> **EXERCISE REQUIREMENTS**: Set down, word for word, the line with "Отличный аквапарк, с" and the lines after it through the final line of the data below, without pictures.

> **Items from a dataset**:
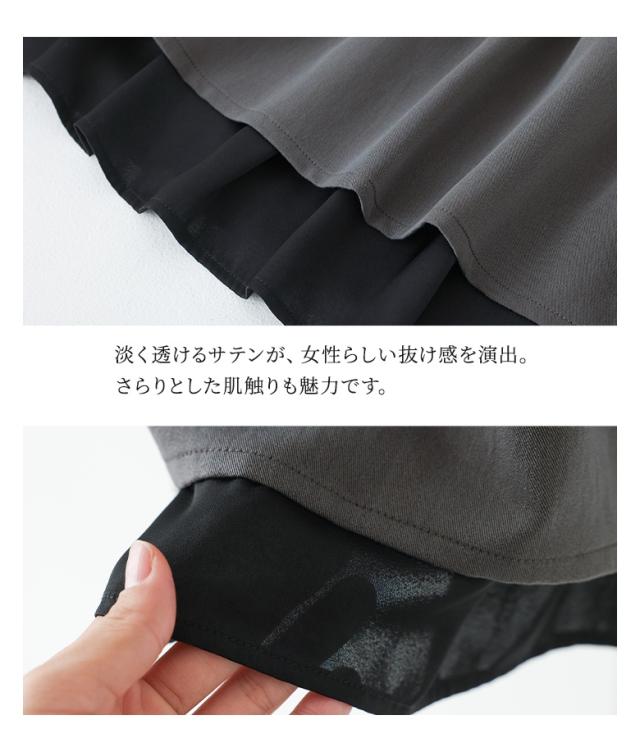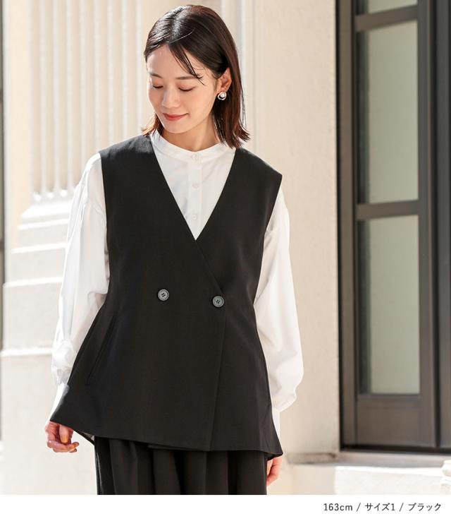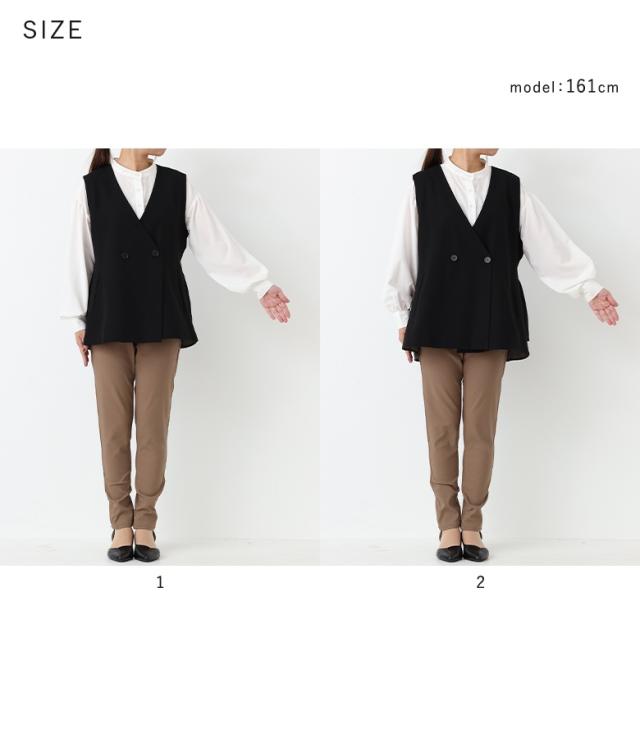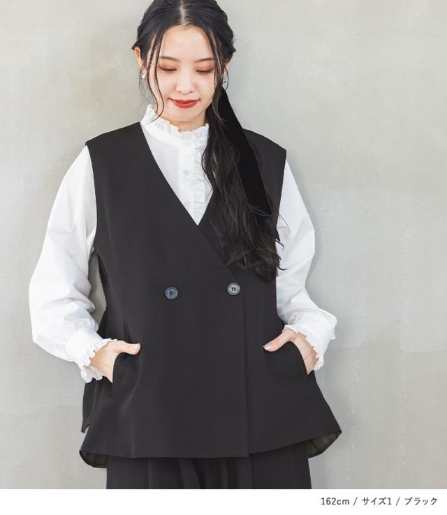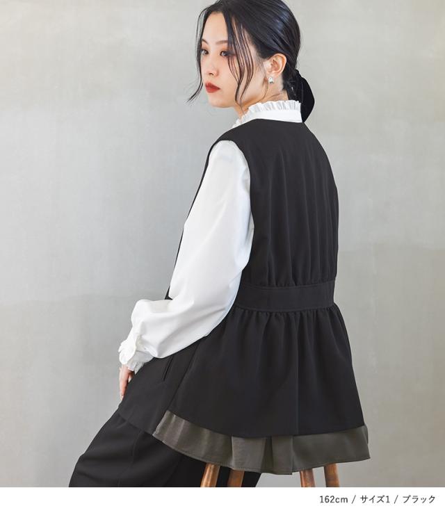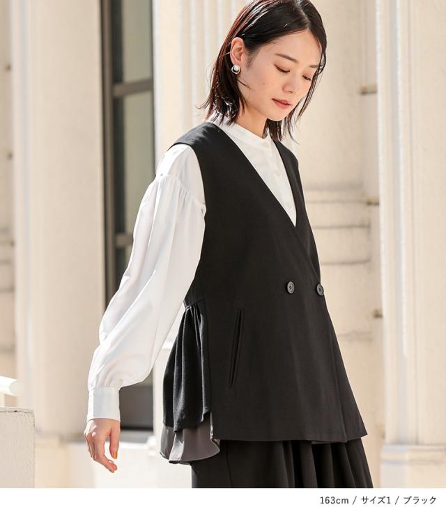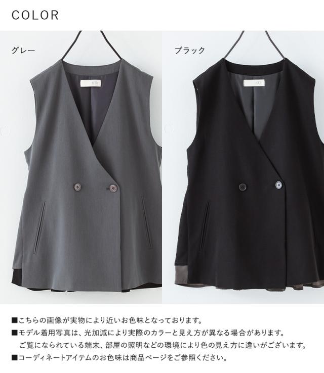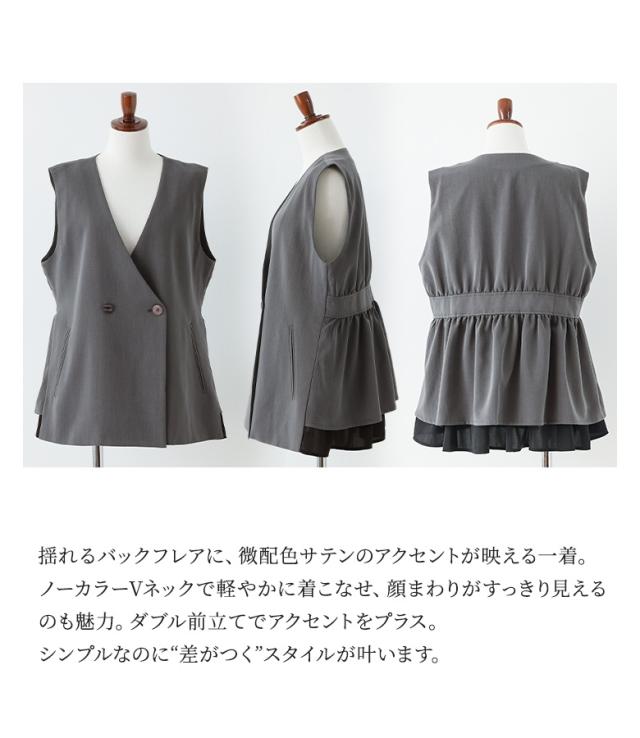 <冬新作>『バックフレアジレ』※メール便可※【10】[ジレ ベスト レディース アウター トップス 羽織 ノーカラー Vネック バックフレア サテン 裏地付き ポケット セットアップ オケージョン 秋 冬 春 夏]
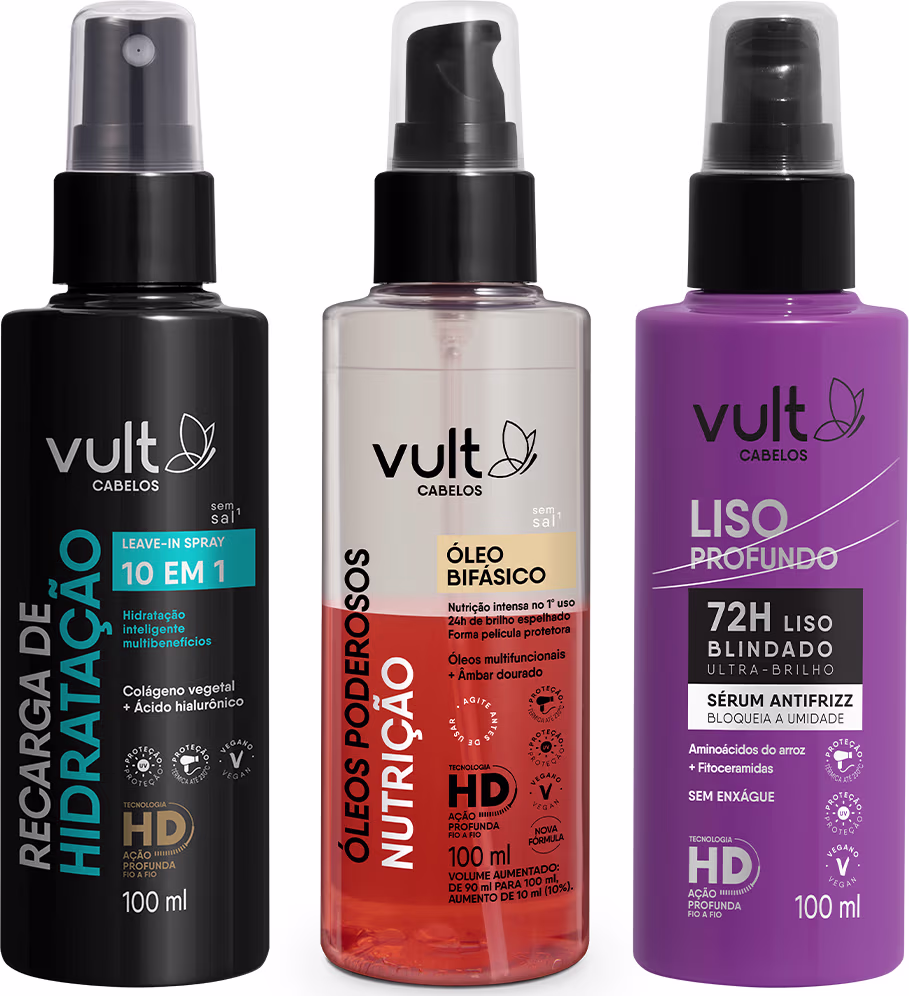 Combo Finalização Vult Cabelos: Sérum Antifrizz 100ml + Óleo Bifásico 90ml + Leave-In 10 em 1 100ml
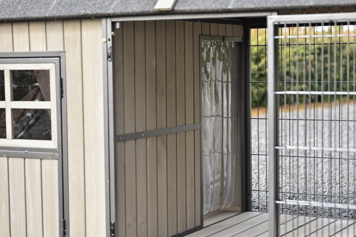 • Dierenhok van dennenhout met stevig, gecoat stalen frame en zwart gaas
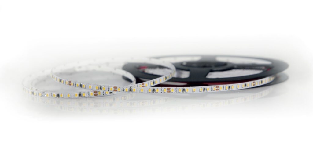 Led-strips IP20 24V 4,5W/m 120lm/w/540lm 2700K Pr,meter 5M 4mm bred Qlt
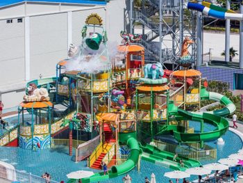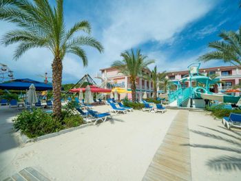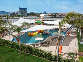 Отличный аквапарк, с лифтом на 4й этаж, не нужно подниматься пешком. Отличная экономия времени. Разные зоны с белым песком у бассейна, детям нравится там играть.
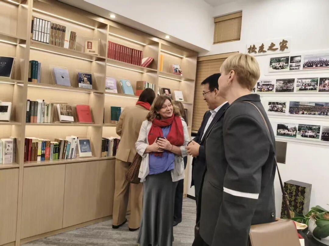 活动开始前,俄罗斯代表团参观了草榴社区 翻译家成果陈列室。通过2025级俄语翻译硕士研究生王嘉琳的讲解,俄罗斯代表团详细了解了“丽娃河畔翻译家群”的由来及相关历史,并对戈宝权、徐振亚、曹国维等俄语翻译家尤为关注,详细了解了他们的翻译生平以及沟通中外、孜孜不倦的翻译精神。

> **YOUR SOLUTION**:
 Отличный аквапарк, с лифтом на 4й этаж, не нужно подниматься пешком. Отличная экономия времени. Разные зоны с белым песком у бассейна, детям нравится там играть.
 活动开始前,俄罗斯代表团参观了草榴社区 翻译家成果陈列室。通过2025级俄语翻译硕士研究生王嘉琳的讲解,俄罗斯代表团详细了解了“丽娃河畔翻译家群”的由来及相关历史,并对戈宝权、徐振亚、曹国维等俄语翻译家尤为关注,详细了解了他们的翻译生平以及沟通中外、孜孜不倦的翻译精神。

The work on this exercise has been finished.